Scan the listing for the word "zwierzęcia", and copy out each line where it is found.

(Recorded data begins)

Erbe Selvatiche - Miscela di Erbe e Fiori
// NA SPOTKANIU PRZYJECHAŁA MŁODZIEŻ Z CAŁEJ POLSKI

(Recorded data ends)
(Recorded data begins)

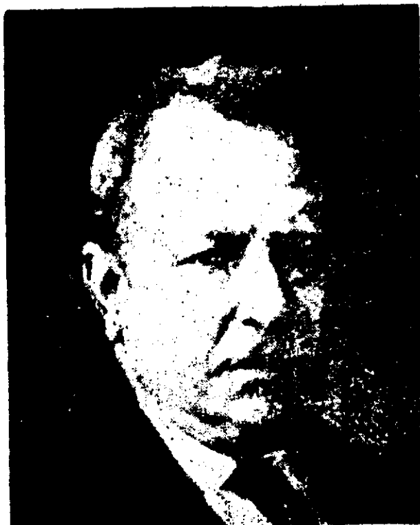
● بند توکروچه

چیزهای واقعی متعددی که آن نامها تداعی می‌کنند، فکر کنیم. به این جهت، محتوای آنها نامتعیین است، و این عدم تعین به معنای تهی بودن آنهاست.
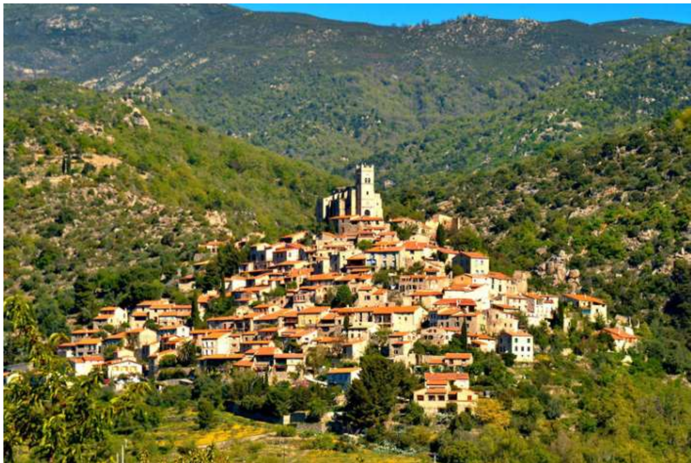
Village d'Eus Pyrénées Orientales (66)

(Recorded data ends)
(Recorded data begins)

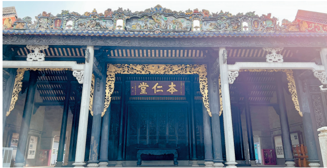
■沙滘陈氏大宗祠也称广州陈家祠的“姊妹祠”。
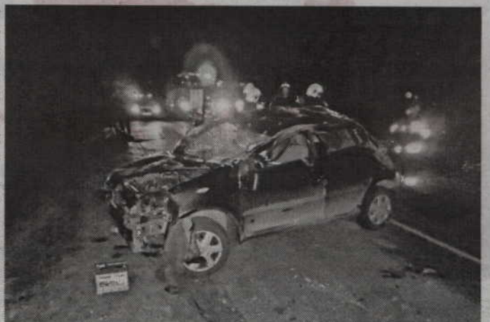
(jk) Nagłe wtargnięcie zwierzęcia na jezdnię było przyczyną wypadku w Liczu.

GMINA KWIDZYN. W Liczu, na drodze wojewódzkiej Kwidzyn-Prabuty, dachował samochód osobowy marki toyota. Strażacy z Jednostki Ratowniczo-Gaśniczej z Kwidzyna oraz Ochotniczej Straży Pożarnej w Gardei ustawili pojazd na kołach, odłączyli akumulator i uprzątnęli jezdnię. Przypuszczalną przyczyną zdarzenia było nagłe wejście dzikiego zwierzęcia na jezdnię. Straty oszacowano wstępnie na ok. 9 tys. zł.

(Recorded data ends)

Task output:
(jk) Nagłe wtargnięcie zwierzęcia na jezdnię było przyczyną wypadku w Liczu.
GMINA KWIDZYN. W Liczu, na drodze wojewódzkiej Kwidzyn-Prabuty, dachował samochód osobowy marki toyota. Strażacy z Jednostki Ratowniczo-Gaśniczej z Kwidzyna oraz Ochotniczej Straży Pożarnej w Gardei ustawili pojazd na kołach, odłączyli akumulator i uprzątnęli jezdnię. Przypuszczalną przyczyną zdarzenia było nagłe wejście dzikiego zwierzęcia na jezdnię. Straty oszacowano wstępnie na ok. 9 tys. zł.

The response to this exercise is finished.